Completed History and Physical and Intro to Pediatric ECG
You have now completed the history and physical examination of an eighteen-year-old man with an innocent pulmonary flow murmur. Let us know consider whether our patient needs laboratory studies. Diagnostic procedures are not required for the evaluation of typical innocent murmurs.
Although not required to evaluate an innocent murmur, certain aspects of the electrocardiogram in children deserve emphasis. Special techniques are required ro record a suitable electrocardiogram from an infant. In addition to quieting the infant, a small electrode one half inch in diameter should be used for precordial leads. Either lead V3R or V4R should be taken routinely in infants to obtain more information about the right ventricle. These leads are placed on the right chest in a position analogous to V3 and V4 respectively. Precordial lead V3 or V4 may then be omitted. Similarly, lead V7 may be obtained instead of V5 in order to get more information about the left ventricle. Lead V7 is placed in the left posterior axillary line at the same level as V4.

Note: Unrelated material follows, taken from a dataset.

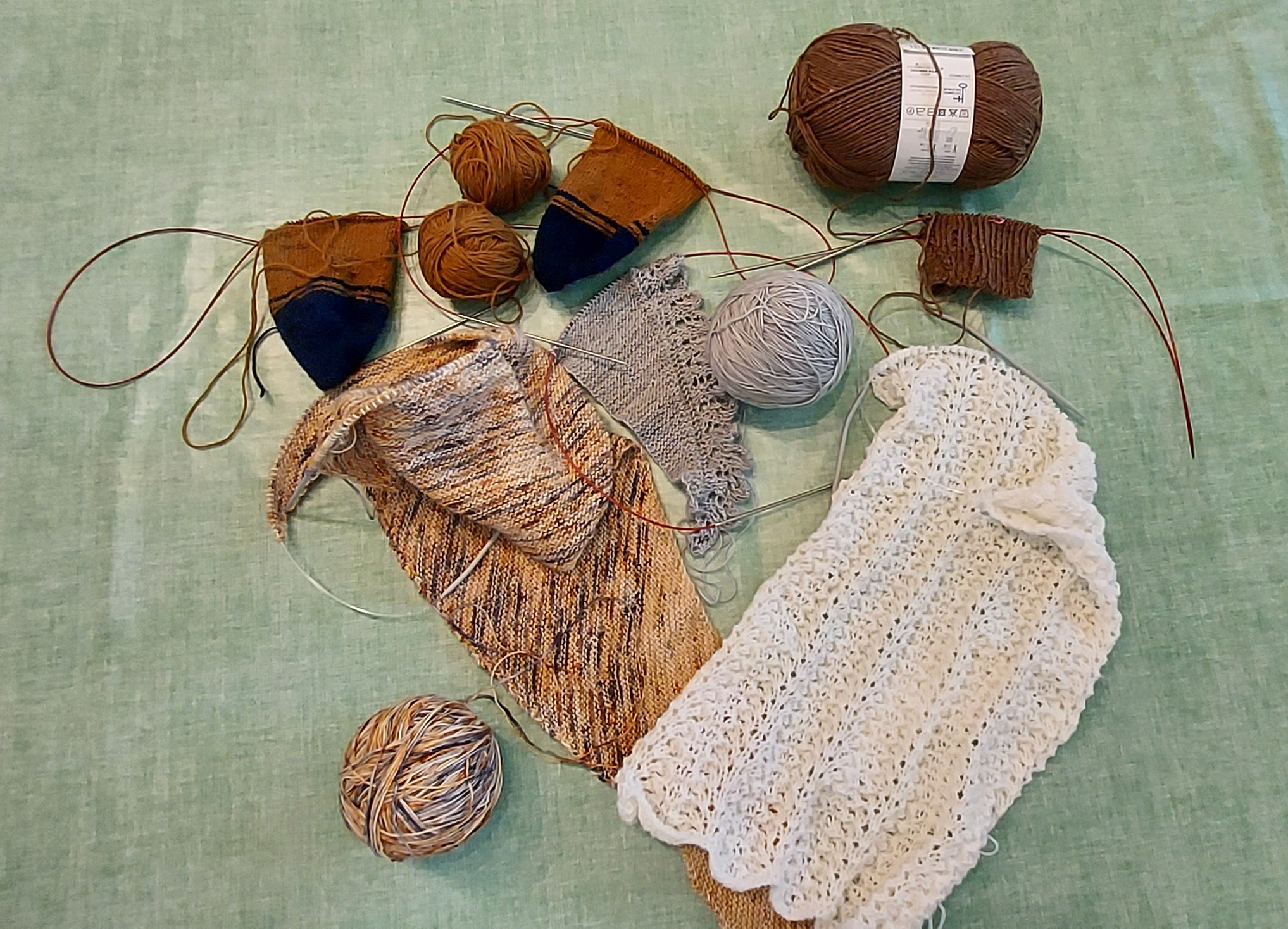 Nyt juuri olen neulomassa Stay Soft -huivia, kellertävä hökötys tuossa keskellä. Olisi menossa myöhästyneeksi synttärilahjaksi. Pyrin siis samaan valmiiksi ensi tilassa.

Infants at birth demonstrate equal right and left ventricular pressures and, therefore, relative right ventricular dominance on the electrocardiogram. The mean QRS axis is rightward with dominant R waves and positive T waves in leads V3R and V1. Increased precordial leads QRS voltage is common in children and younger adults due to a variety of factors, including a thin chest wall producing closer proximity of the heart to the chest wall.
In children, the T waves in the limb leads are similar to those of the adult but, depending on age, the precordial T waves differ. T waves in the right precordial leads are positive at birth. After a week, as the right ventricular systolic pressure decreases, these T waves become negative, and this negativity may extend as far as V4. In fact, an upright T wave in precordial lead V1 in a child less than six years old indicates right ventricular hypertrophy. As the child grows older, T wave positivity shifts progressively towards the right. In an older child, as in the normal adult, an inverted T wave is common in lead V1, frequent in V2 and rare in V3. Inverted T waves in the anterior leads may persist into the third decade of life. This is called "persistent juvenile T-wave pattern" and it is more common in women. This is normal, as long as the depth of the T wave decreases as the leads progress across the chest.